:: Available data
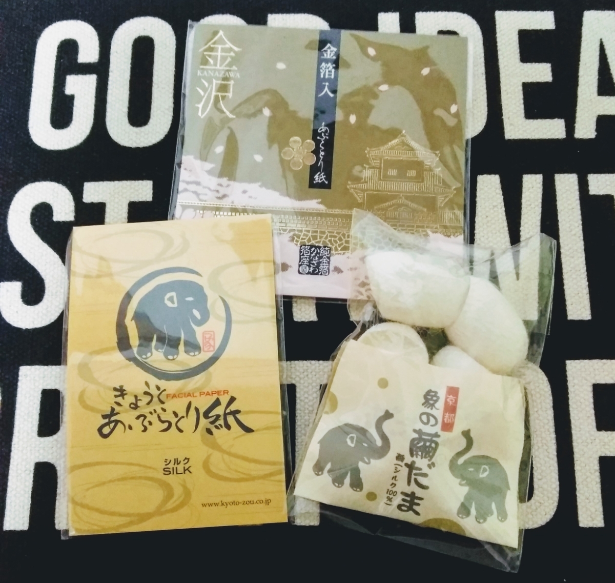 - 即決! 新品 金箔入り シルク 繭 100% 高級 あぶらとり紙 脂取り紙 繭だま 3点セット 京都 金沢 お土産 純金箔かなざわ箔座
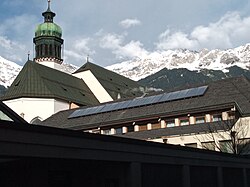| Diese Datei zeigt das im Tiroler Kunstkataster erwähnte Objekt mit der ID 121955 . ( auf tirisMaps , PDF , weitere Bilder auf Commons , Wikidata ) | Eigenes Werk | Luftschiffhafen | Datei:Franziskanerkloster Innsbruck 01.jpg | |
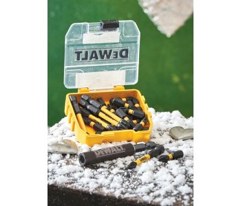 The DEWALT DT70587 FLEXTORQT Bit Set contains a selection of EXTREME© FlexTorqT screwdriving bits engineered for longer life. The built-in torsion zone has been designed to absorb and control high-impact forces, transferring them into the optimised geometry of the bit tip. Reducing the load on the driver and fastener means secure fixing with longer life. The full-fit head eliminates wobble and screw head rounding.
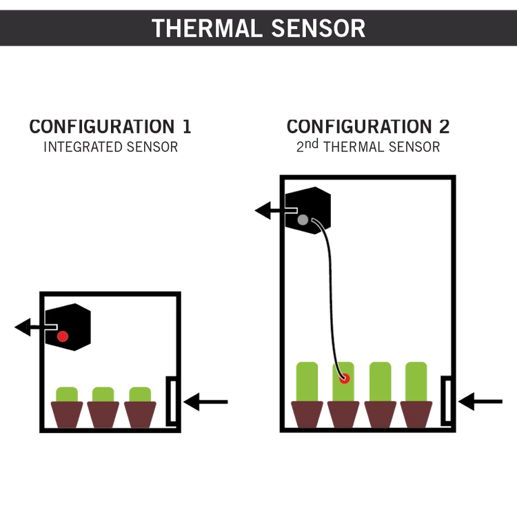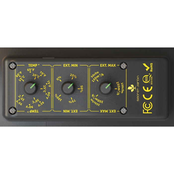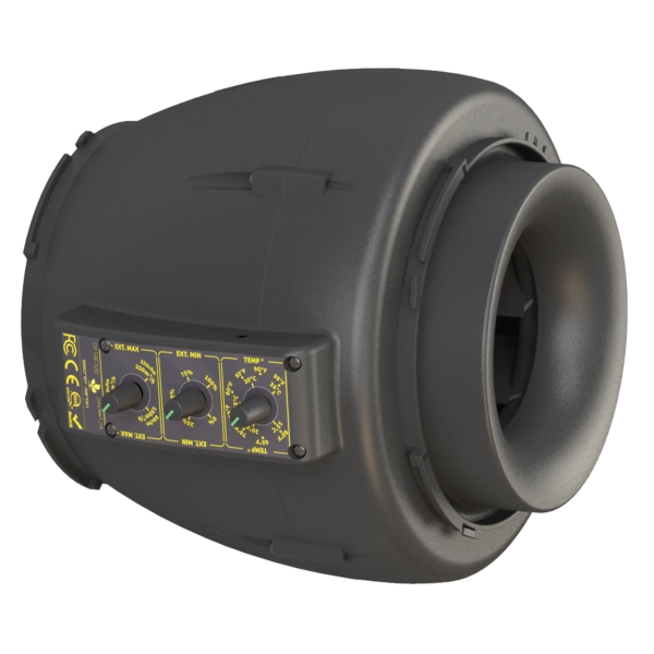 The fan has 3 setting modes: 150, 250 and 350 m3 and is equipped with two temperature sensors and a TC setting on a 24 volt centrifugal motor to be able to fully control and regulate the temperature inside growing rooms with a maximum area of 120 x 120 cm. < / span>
::::
# Problem to solve
Please transcribe the listing above verbatim and exclude every picture.

# Reply to the task
 - 即決! 新品 金箔入り シルク 繭 100% 高級 あぶらとり紙 脂取り紙 繭だま 3点セット 京都 金沢 お土産 純金箔かなざわ箔座
| Diese Datei zeigt das im Tiroler Kunstkataster erwähnte Objekt mit der ID 121955 . ( auf tirisMaps , PDF , weitere Bilder auf Commons , Wikidata ) | Eigenes Werk | Luftschiffhafen | Datei:Franziskanerkloster Innsbruck 01.jpg | |
 The DEWALT DT70587 FLEXTORQT Bit Set contains a selection of EXTREME© FlexTorqT screwdriving bits engineered for longer life. The built-in torsion zone has been designed to absorb and control high-impact forces, transferring them into the optimised geometry of the bit tip. Reducing the load on the driver and fastener means secure fixing with longer life. The full-fit head eliminates wobble and screw head rounding.
 The fan has 3 setting modes: 150, 250 and 350 m3 and is equipped with two temperature sensors and a TC setting on a 24 volt centrifugal motor to be able to fully control and regulate the temperature inside growing rooms with a maximum area of 120 x 120 cm. < / span>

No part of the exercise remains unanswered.